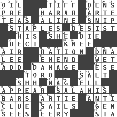 ACROSS 1. Petroleum 4. Small quarrel 8. Habitations of wild animals 12. Before (prefix) 13. Ethiopian city, capital of Harari 14. Johnson of "Laugh-In" 15. Beverages made from leaves 17. Place in a line 18. Sever or remove by pinching or nipping 19. Paper fasteners 21. Stop 23. Part of HMS, perhaps 24. A female animal or person 26. Expire 27. Tenth: prefix 28. Leg joint 30. Wind 31. Food allowance for one day 34. Heredity factor (abbr.) 37. Area sheltered from the wind 38. Make improvements or corrections to 39. Dripping 40. Increase 41. Break 42. Compass dir. 43. "Corrida" creature 44. Table seasoning 46. Quiet! 47. Tired old horse 50. Pipe bend 51. Seem 54. Deli grouping 57. Drinking establishments 58. Nick name for Arthur 60. Against 62. A slight indication 63. Moves on water 64. Commissioned mil. rank 65. Perceives with the eye 66. Suggestive of the supernatural 67. R.R. building DOWN 1. Choose 2. Angers 3. Resembling or made to resemble leather 4. Lies 5. From or relating to Ireland 6. Avid follower 7. Flintstone 8. Small ungulate mammals of Africa 9. Bert's buddy 10. Nuclear Threat Initiatives 11. Back-to-school mo. 13. Actor Linden 16. Ketch in the Levant 20. 23rd letter of the Greek alphabet 22. Locale of original sin 25. Supplementing with great effort 27. Passed on 29. Connecting point 30. Chicken ___ king 31. Bring up, as a child 32. ID or VA city 33. Afternoon social gathering 34. Homes 35. Egg locale 36. Had dinner 41. Capital of the state of Qatar 43. College papers 44. Ocean 45. _ mater 46. Disorder 48. Moving about 49. Lightheartedly 51. Lettered men learn these first 52. Light colored 53. Raze (variant) 55. French article 56. Proofreading order 59. Actress Charlotte 61. _ tizzy (2 wds.)
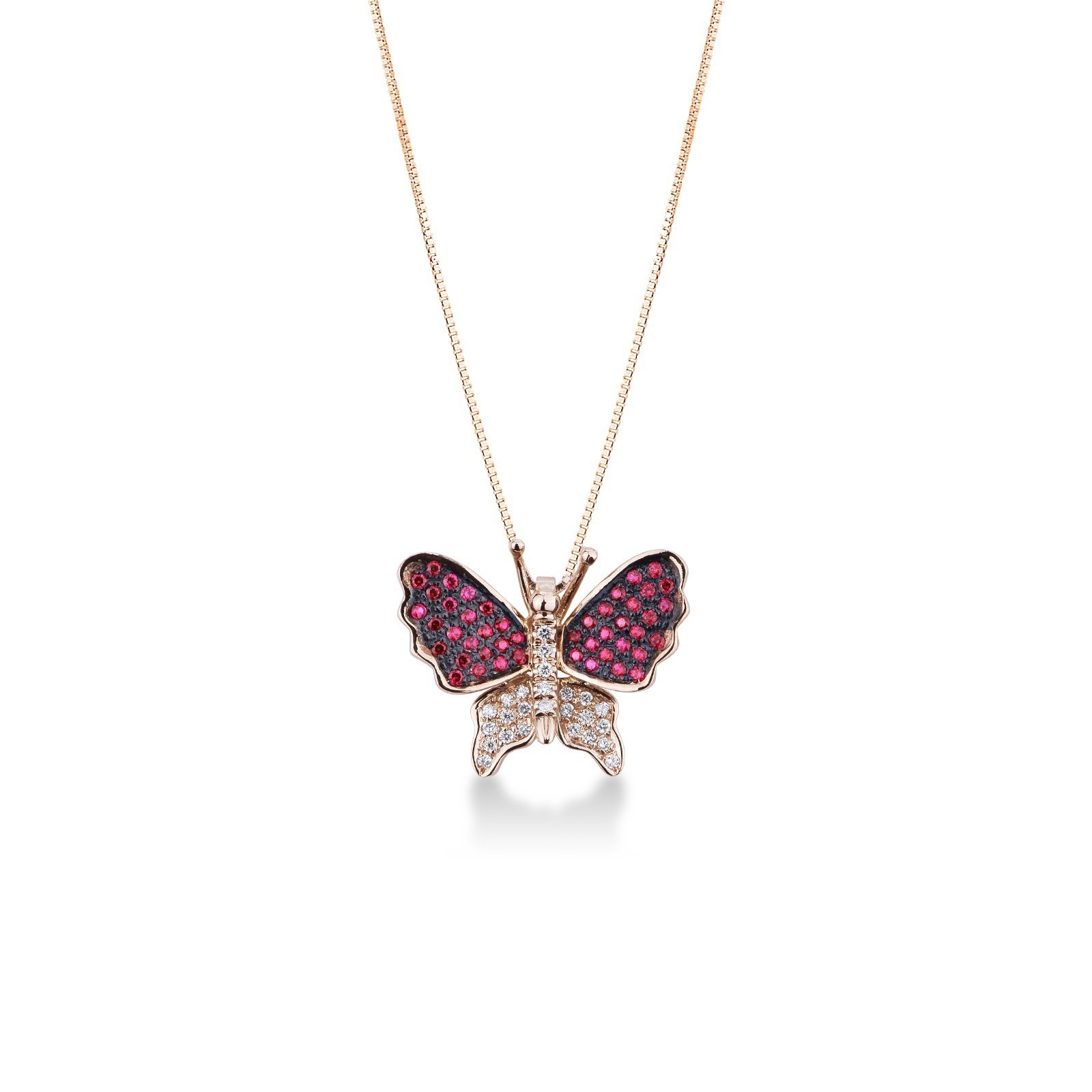 Collier pendentif papillon en or rose avec diamants et rubis
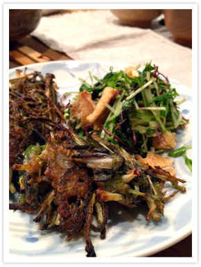 ご飯とお味噌汁、ふりかけはいつものメニューです。今夜はおいしい水菜が手に入ったので、水菜とひじきのかき揚げ、余った水菜でサラダを添えて。

PROBLEM TO SOLVE: Write out the line that contains "Collier pendentif papillon" and every line after it to the end of the data, exactly as they stand. Omit the pictures.

SOLUTION TO THIS PROBLEM:
 Collier pendentif papillon en or rose avec diamants et rubis
 ご飯とお味噌汁、ふりかけはいつものメニューです。今夜はおいしい水菜が手に入ったので、水菜とひじきのかき揚げ、余った水菜でサラダを添えて。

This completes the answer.